ルイスが持つ赤い瞳には他の人間には見えないものが見えている。
指に結ばれた赤い糸。
どこに繋がっているのか分からないときもあれば誰かと繋がっているときもあり、そもそも糸が結ばれていない人もいる。
あったりなかったり曖昧なそれが視界に広がることは、ルイスにとって昔から当たり前の光景だった。
まるでルイスの赤を煮詰め溶かして編んだような深い色をした赤い糸。
それが一体何の意味を持っているのか、今までのルイスは大して興味がなかった。
何故なら兄であるウィリアムの指にはその赤い糸が結ばれていないからだ。
自分の指には結ばれた糸があるけれど、その先がどこにあるのかはよく分からない。
触れることは出来るようだが意識しなければ邪魔になるものではなく、きっとこれは本当ならば目に見えないはずのものなのだと、幼心にそう気がついた。
ウィリアムに関係しなくて、他の人間には見えていなくて、生活するのに支障があるわけでもない。
ならば気にするまでもないかと、ルイスは視界にあふれるたくさんの赤を意識の外に追いやって今まで生活してきたのだ。
「おはよう、ルイス。昨夜はよく眠れたかい?」
「おはようございます、アルバート兄様。おかげさまでよく眠れました」
「それは良かった」
新しく移り住んだ先のモリアーティ邸での生活も慣れ、新しく兄になってくれたアルバートのことをルイスがようやく「兄様」と呼ぶことが出来た頃。
今まで自分の指に結ばれていた赤い糸が短くなり、その先がどこにあるのかが段々と見えてきた。

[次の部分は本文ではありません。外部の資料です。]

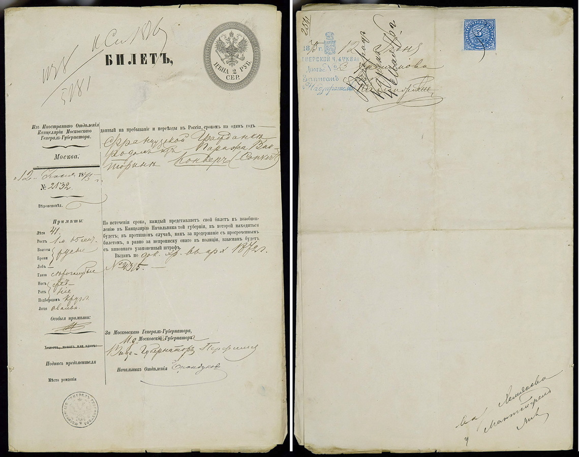 Билет на право пребывания и переезды в России. Выдан 12 июня 1975 года французской гражданке Викторине Конкер.
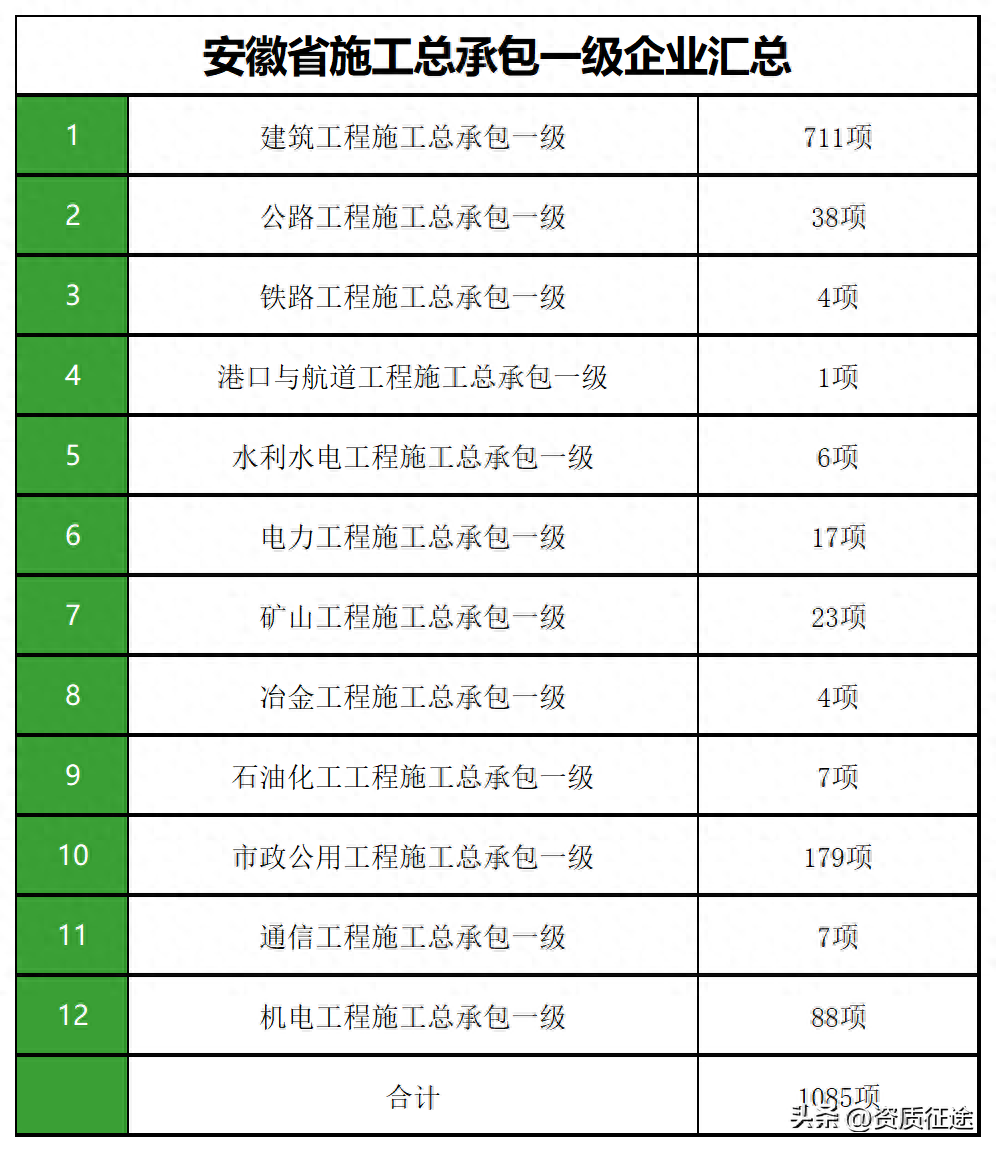 安徽省作为中国经济的重要省份之一,近年来在基础设施建设方面取得了显著成就。这一成就的背后,离不开众多施工总承包一级企业的辛勤付出和卓越贡献。本文将对安徽省施工总承包一级企业进行汇总,目前拥有施工总承包一级资质达1085项,并分析其在各个领域的发展情况。

くい、と指を引いて跡を追いかけるまでもなく、少し周りを探ればその先端はアルバートの指に結ばれていると分かる。
初めて会ったときよりもずっと穏やかな表情をしているその顔を見て、ルイスは知らずと頬が緩んでいた。
ウィリアム以外に自分のことをちゃんと見てくれて優しくしてくれるアルバートのことを、ルイスはとても好いている。
「ルイス、勉強は順調に進んでいるかい?」
「いつも屋敷を綺麗に保ってくれて助かっているよ、ルイス」
「おや、庭を掃除してきてくれたのかい?髪に葉が付いているよ」
ルイスが知っている大多数の貴族とは違い、アルバートはルイスとウィリアムのことを決して偏見の目で見ることはなかった。
目的のために同志となったけれど、単なる家族ごっこではなく本物の家族として関係を作ろうとしてくれているのが分かるのだ。

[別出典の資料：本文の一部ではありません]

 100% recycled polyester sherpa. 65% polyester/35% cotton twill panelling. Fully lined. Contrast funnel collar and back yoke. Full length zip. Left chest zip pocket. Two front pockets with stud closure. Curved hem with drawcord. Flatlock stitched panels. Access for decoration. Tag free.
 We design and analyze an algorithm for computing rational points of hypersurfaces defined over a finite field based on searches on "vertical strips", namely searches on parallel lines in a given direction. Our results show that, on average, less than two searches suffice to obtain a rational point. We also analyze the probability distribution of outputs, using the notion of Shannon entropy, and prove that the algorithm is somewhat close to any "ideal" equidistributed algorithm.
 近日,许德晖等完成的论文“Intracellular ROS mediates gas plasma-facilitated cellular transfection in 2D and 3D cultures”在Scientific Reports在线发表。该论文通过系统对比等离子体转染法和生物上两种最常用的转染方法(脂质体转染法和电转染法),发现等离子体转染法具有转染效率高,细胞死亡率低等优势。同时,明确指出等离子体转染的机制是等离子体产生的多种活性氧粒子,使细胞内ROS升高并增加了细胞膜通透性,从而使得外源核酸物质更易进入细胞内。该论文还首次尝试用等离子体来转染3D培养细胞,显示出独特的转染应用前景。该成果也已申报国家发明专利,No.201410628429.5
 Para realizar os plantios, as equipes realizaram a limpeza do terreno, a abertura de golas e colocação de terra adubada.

内向的なルイスに合わせてゆっくりと時間をかけ、焦ることなく距離を詰めてくれるその様子はアルバートの誠実さを表しているようだった。
そっと頭を撫でてくれる大きな手はウィリアムとは違う安心感をルイスに与えてくれる。
こんなにも尽くしてくれるような価値が自分にあるのだろうかと疑問に思うこともあった。
だが簡単に実母を手にかけていたと思っていたアルバートも、実は家族というものに飢えているのかもしれないと、ルイスはそう結論付けてアルバートからの言葉掛けを受け取っていた。
貧民街の孤児でもその他大勢の人間でもなく、一人の個人として見てくれることがどれだけルイスの心を救ってくれたか分からない。
今までルイスのことをルイスとして見てくれたのはウィリアムしかいなかったのだから。
そのウィリアムに対し忠誠を誓ったアルバートは、必要に駆られたからルイスのことを弟として迎えたのではない。
ルイスがルイスだからこそ認めてくれているのだと、ルイスはそう感じている。
それに気付いたときから、自分を信じてくれているアルバートに恥じない存在でありたいと、ルイスは懸命に日々を過ごしていた。
「どうかしたのかい?ルイス」
「いえ…何でもありません、アルバート兄様」
「そう…それなら良いんだ」
自分の指をじっと見つめていたルイスを慮ってアルバートが声をかける。
何か付いていただろうかと手を返してみるが何もおかしなものは付いていない。
けれども変わらずルイスの瞳はアルバートの指に向かっているのだ。
一体どうしたのかと問いかけてみても返事はなく、幼い顔に疑問符を乗せたような顔にも納得いくものはないけれど、可愛らしいその顔に絆されてしまってそれ以上言及することも出来なかった。
そんなアルバートに気付くこともなく、ルイスは背を向けて歩いていく彼の姿が見えなくなるまでその場で見送っていた。
「…僕の糸と兄様の糸、どうして繋がっているのでしょう」
左手を上げ小指の先に結ばれている赤い糸を見下ろして、ルイスはぽつり呟いた。
その先に目をやれば、小さくなった後ろ姿のアルバートが持つ長く節張った指と繋がっている。
嫌な気持ちはしないけれど、今まで長く長く弛んで先が見えなかったはずの己の糸が、何故急に短くなってその行く先が分かってしまったのだろうか。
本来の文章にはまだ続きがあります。